» Source material:
* * *

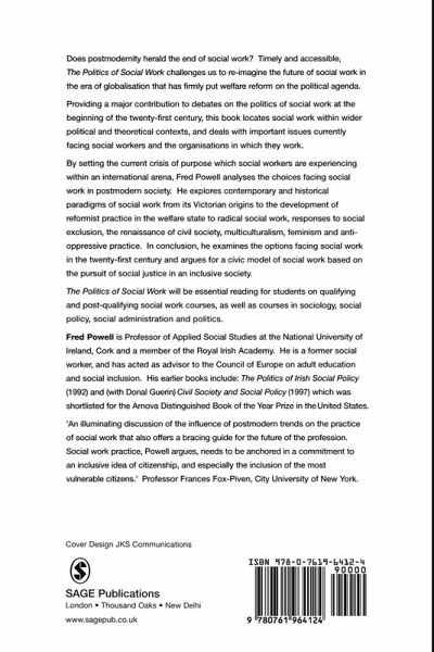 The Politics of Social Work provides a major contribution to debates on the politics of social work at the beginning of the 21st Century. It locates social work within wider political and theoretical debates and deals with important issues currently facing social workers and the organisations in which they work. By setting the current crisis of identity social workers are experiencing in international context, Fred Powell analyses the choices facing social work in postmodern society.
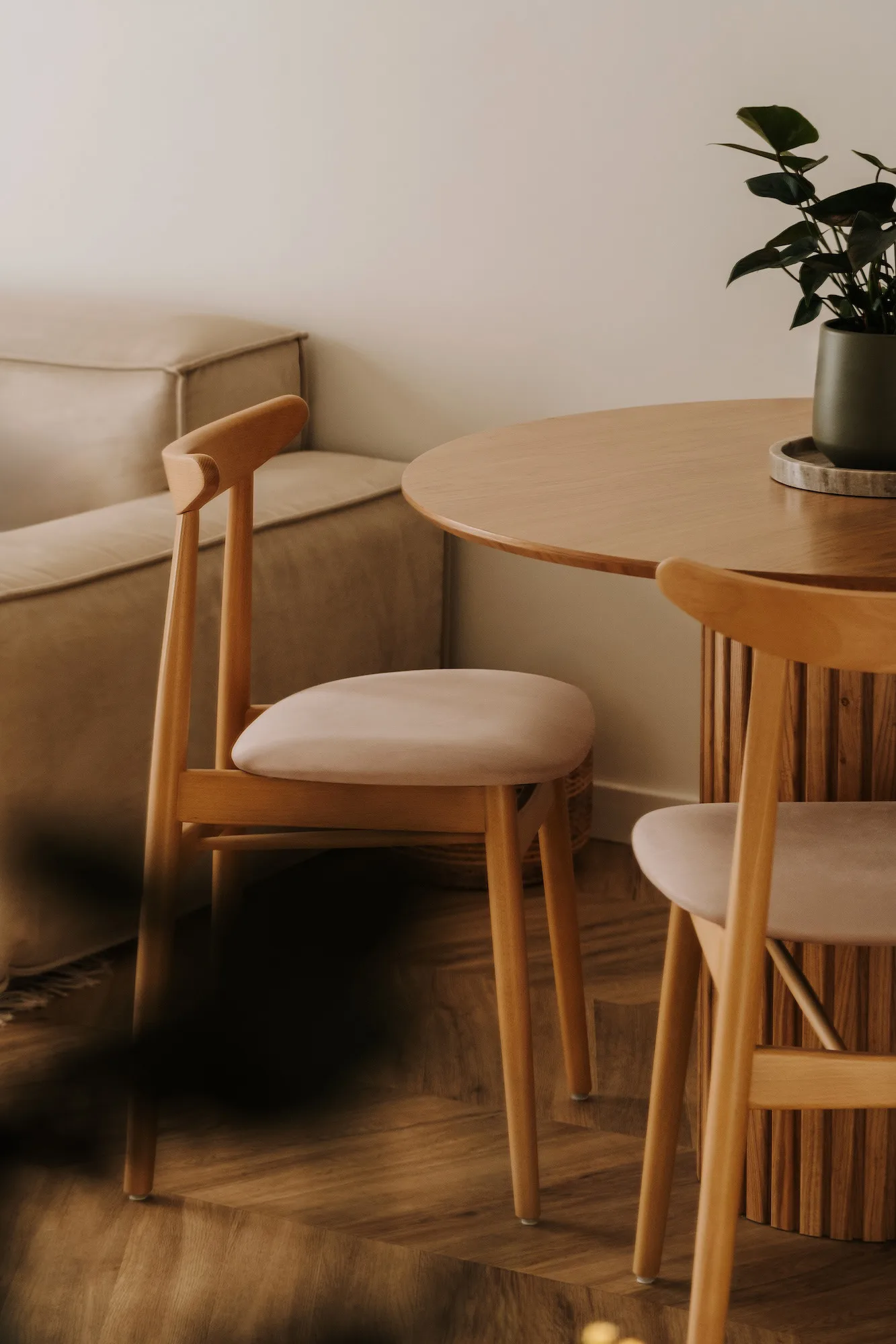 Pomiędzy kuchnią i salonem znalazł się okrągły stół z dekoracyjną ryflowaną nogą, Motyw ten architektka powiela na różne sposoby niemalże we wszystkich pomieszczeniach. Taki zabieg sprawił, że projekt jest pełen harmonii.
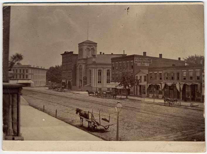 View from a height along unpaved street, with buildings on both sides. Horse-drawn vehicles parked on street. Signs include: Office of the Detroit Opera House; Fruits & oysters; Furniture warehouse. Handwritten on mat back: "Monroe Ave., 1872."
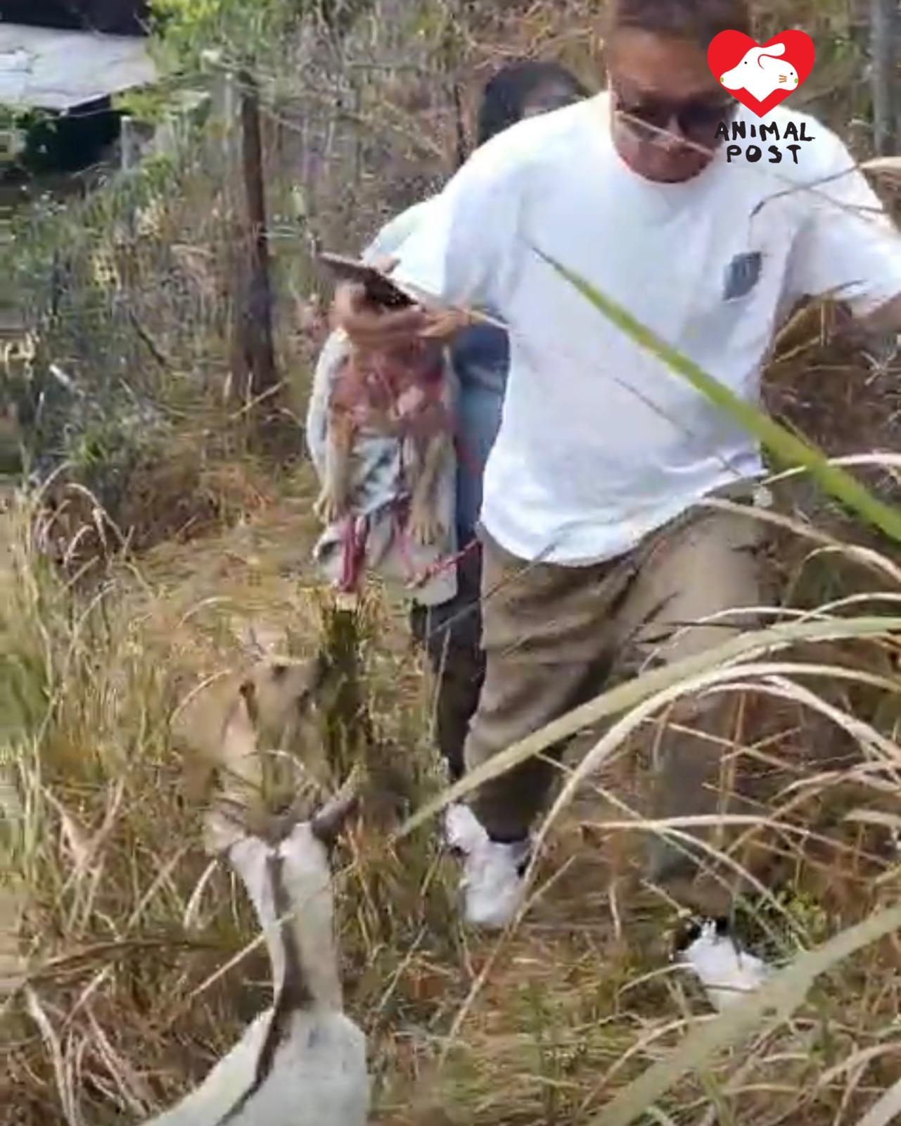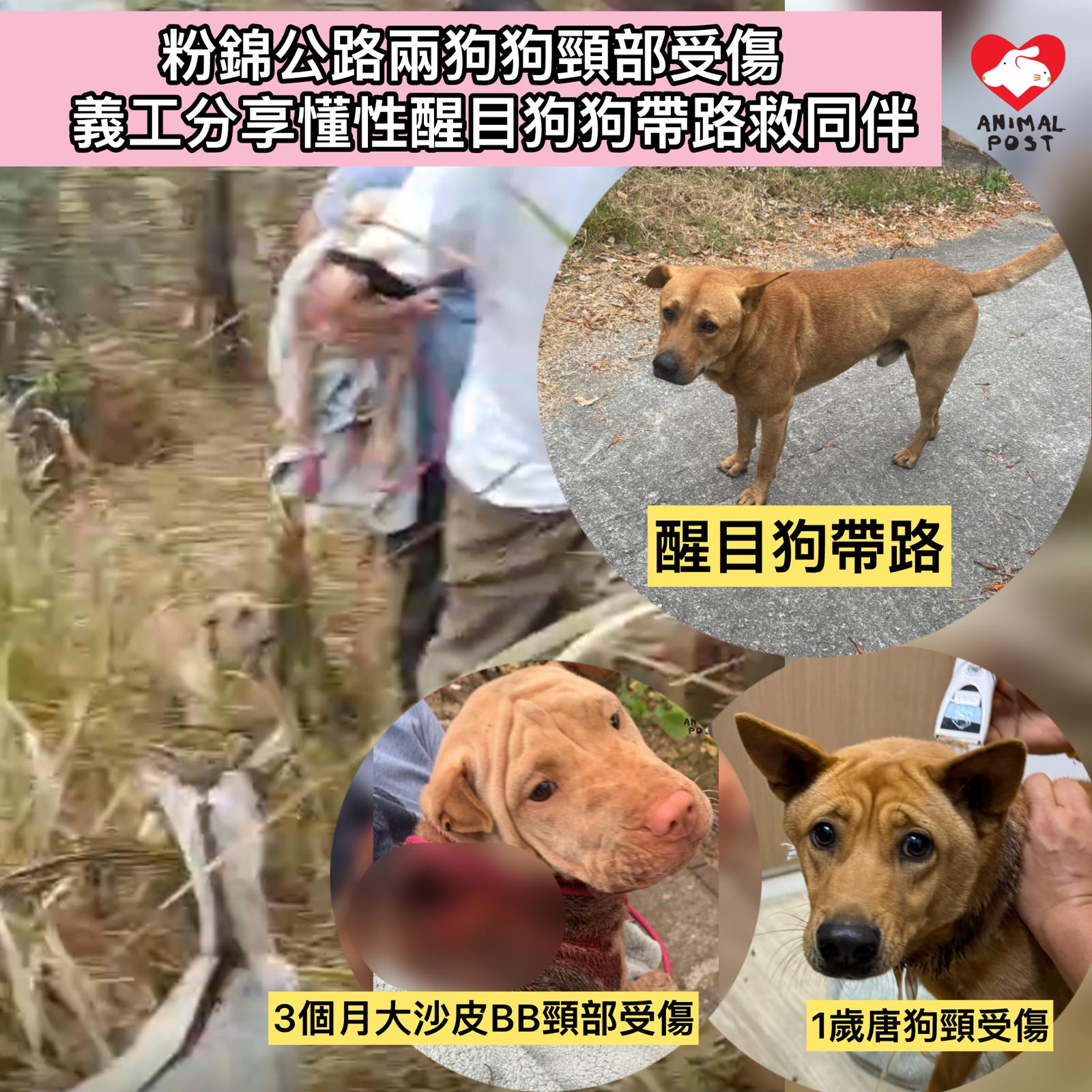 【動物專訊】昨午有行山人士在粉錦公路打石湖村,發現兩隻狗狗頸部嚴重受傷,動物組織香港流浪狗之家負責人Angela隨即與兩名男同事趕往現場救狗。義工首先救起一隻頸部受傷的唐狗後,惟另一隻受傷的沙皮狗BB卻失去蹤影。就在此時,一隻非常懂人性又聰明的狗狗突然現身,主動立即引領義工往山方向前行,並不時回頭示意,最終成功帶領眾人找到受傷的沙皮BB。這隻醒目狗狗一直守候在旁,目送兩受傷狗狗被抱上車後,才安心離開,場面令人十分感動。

* * *

» Exercise description: Across the whole listing, reproduce each line verbatim and exclude every picture.

» Answer below:
 The Politics of Social Work provides a major contribution to debates on the politics of social work at the beginning of the 21st Century. It locates social work within wider political and theoretical debates and deals with important issues currently facing social workers and the organisations in which they work. By setting the current crisis of identity social workers are experiencing in international context, Fred Powell analyses the choices facing social work in postmodern society.
 Pomiędzy kuchnią i salonem znalazł się okrągły stół z dekoracyjną ryflowaną nogą, Motyw ten architektka powiela na różne sposoby niemalże we wszystkich pomieszczeniach. Taki zabieg sprawił, że projekt jest pełen harmonii.
 View from a height along unpaved street, with buildings on both sides. Horse-drawn vehicles parked on street. Signs include: Office of the Detroit Opera House; Fruits & oysters; Furniture warehouse. Handwritten on mat back: "Monroe Ave., 1872."
 【動物專訊】昨午有行山人士在粉錦公路打石湖村,發現兩隻狗狗頸部嚴重受傷,動物組織香港流浪狗之家負責人Angela隨即與兩名男同事趕往現場救狗。義工首先救起一隻頸部受傷的唐狗後,惟另一隻受傷的沙皮狗BB卻失去蹤影。就在此時,一隻非常懂人性又聰明的狗狗突然現身,主動立即引領義工往山方向前行,並不時回頭示意,最終成功帶領眾人找到受傷的沙皮BB。這隻醒目狗狗一直守候在旁,目送兩受傷狗狗被抱上車後,才安心離開,場面令人十分感動。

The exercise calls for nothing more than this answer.